Extracted data entries
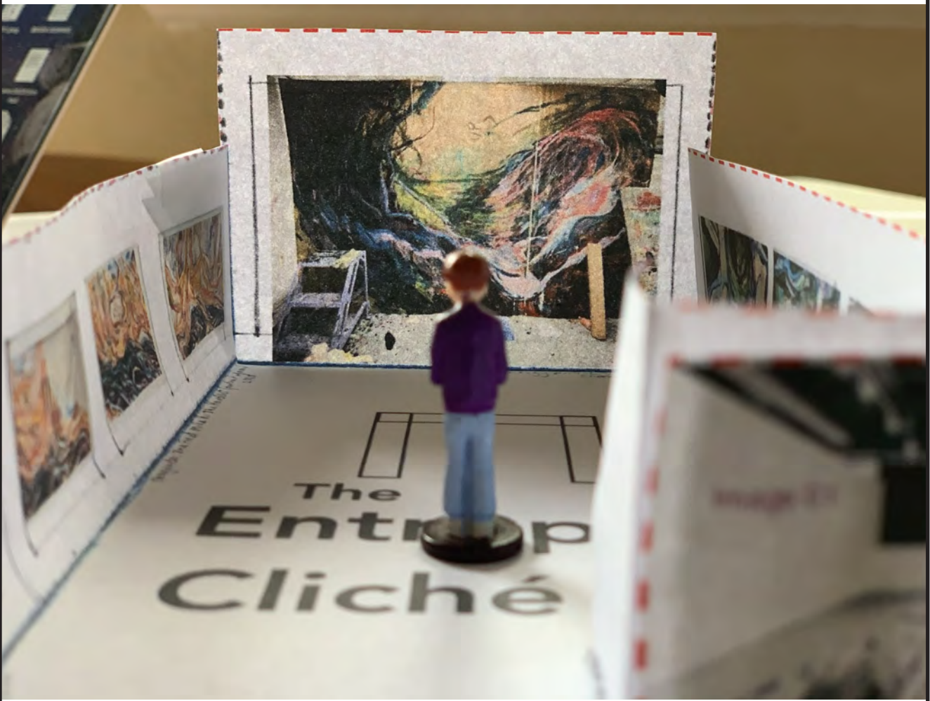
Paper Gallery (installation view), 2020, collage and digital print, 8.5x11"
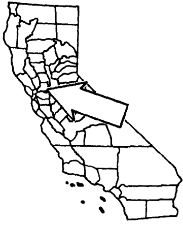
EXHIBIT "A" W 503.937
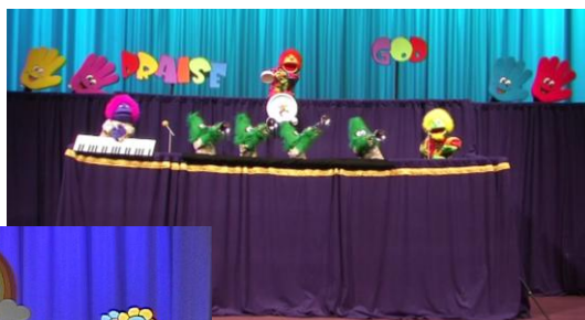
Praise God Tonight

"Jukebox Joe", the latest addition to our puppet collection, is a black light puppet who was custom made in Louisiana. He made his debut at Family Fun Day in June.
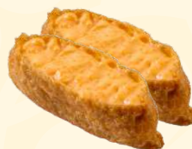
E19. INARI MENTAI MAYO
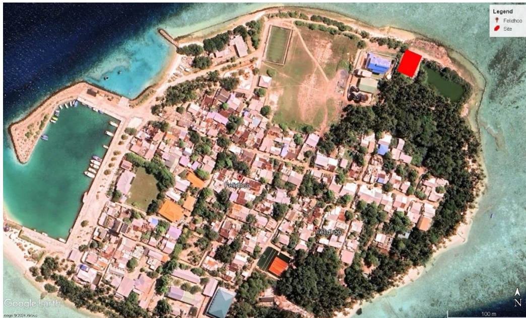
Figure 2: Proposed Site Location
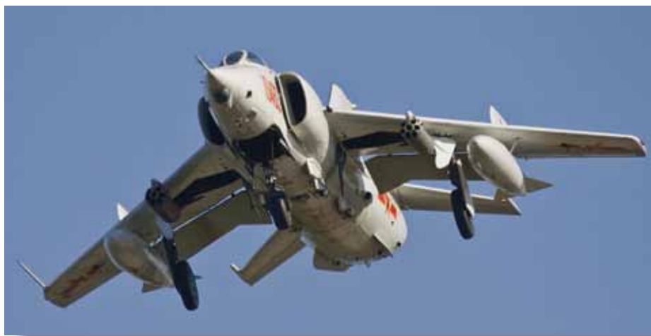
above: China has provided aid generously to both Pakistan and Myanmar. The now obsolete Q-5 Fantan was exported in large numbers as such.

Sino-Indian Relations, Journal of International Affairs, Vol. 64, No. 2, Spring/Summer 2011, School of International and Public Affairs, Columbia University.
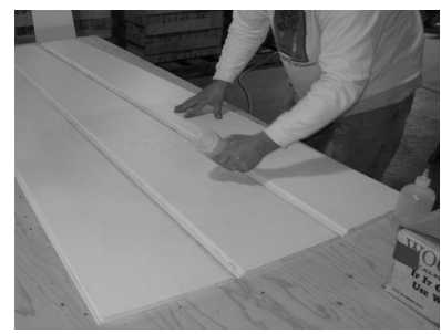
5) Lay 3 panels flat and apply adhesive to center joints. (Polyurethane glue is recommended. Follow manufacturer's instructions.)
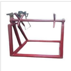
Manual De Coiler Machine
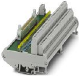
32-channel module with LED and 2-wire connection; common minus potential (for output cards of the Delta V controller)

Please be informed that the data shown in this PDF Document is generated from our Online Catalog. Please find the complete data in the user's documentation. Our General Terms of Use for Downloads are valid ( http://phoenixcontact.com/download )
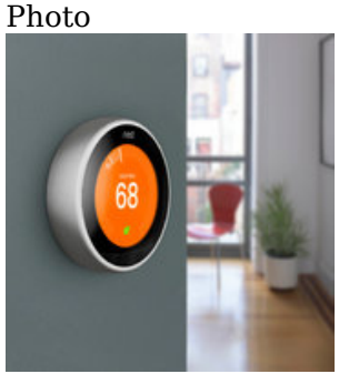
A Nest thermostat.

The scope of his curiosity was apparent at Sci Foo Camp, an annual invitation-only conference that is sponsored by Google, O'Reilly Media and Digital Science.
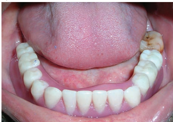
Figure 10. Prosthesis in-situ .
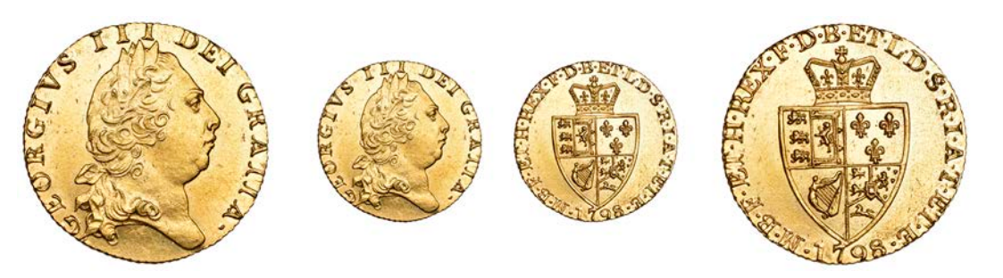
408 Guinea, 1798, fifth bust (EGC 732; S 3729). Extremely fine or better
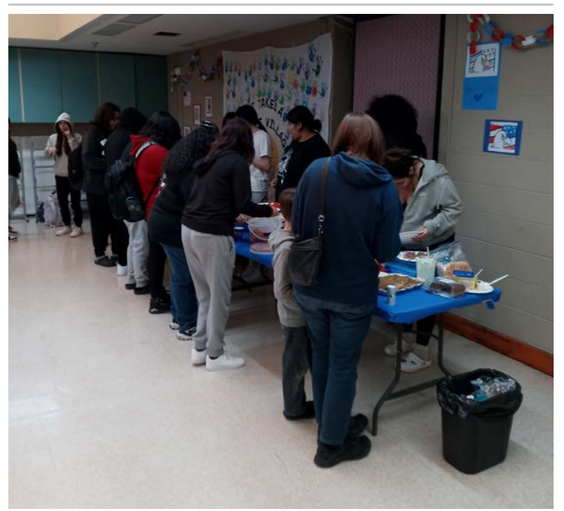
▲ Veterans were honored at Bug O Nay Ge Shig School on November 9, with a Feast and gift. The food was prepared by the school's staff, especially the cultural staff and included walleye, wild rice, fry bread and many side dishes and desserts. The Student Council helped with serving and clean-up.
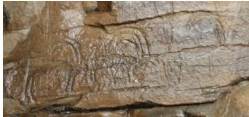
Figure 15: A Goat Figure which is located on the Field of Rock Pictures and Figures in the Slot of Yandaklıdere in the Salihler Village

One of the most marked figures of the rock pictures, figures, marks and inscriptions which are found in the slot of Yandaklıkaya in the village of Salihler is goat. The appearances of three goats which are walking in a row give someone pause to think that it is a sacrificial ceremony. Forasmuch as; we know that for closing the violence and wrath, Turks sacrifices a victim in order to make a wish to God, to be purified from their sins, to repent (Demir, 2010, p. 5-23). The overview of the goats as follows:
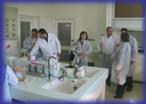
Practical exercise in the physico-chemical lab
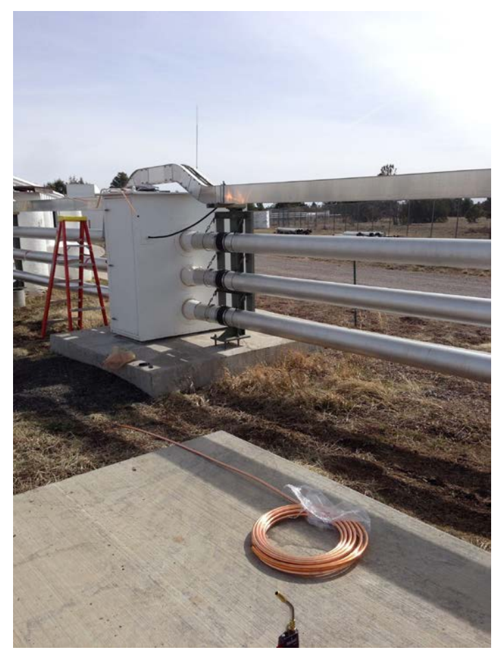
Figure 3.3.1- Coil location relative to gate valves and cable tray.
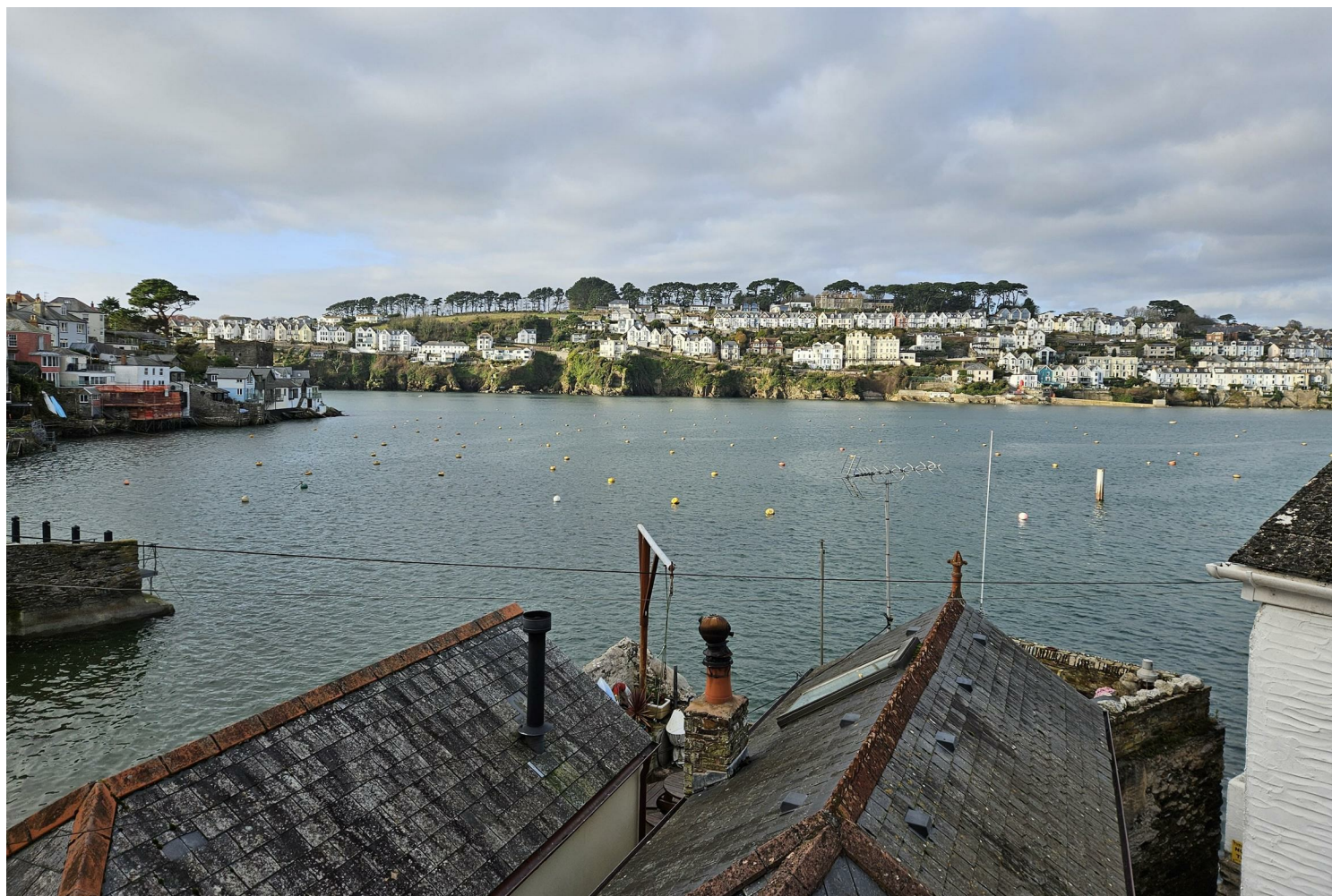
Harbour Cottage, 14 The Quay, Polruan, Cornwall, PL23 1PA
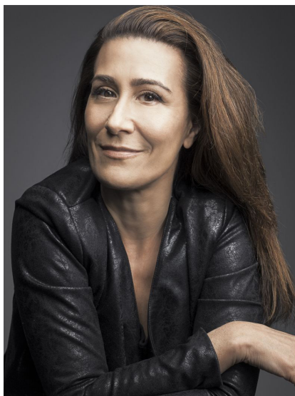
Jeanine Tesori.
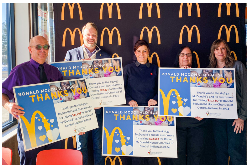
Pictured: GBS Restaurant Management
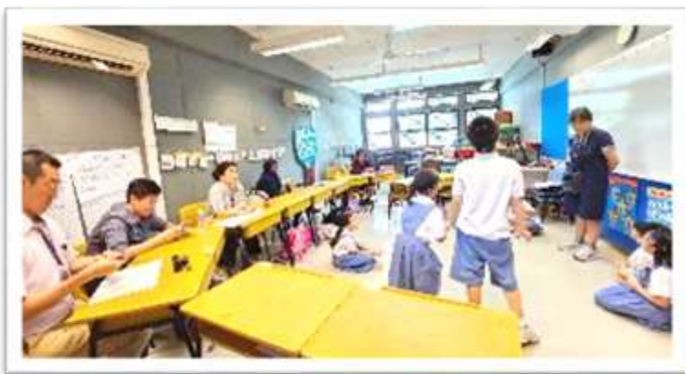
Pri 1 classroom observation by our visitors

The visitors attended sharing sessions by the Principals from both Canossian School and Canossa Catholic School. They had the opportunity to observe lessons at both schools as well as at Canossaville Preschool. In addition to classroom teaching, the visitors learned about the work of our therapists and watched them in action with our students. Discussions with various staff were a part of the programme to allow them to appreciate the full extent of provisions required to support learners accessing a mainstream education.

» TASK DIRECTIONS
Only the lines of the data holding the string "School" are wanted; copy each of them.

» REPLY
Sino-Indian Relations, Journal of International Affairs, Vol. 64, No. 2, Spring/Summer 2011, School of International and Public Affairs, Columbia University.
▲ Veterans were honored at Bug O Nay Ge Shig School on November 9, with a Feast and gift. The food was prepared by the school's staff, especially the cultural staff and included walleye, wild rice, fry bread and many side dishes and desserts. The Student Council helped with serving and clean-up.
The visitors attended sharing sessions by the Principals from both Canossian School and Canossa Catholic School. They had the opportunity to observe lessons at both schools as well as at Canossaville Preschool. In addition to classroom teaching, the visitors learned about the work of our therapists and watched them in action with our students. Discussions with various staff were a part of the programme to allow them to appreciate the full extent of provisions required to support learners accessing a mainstream education.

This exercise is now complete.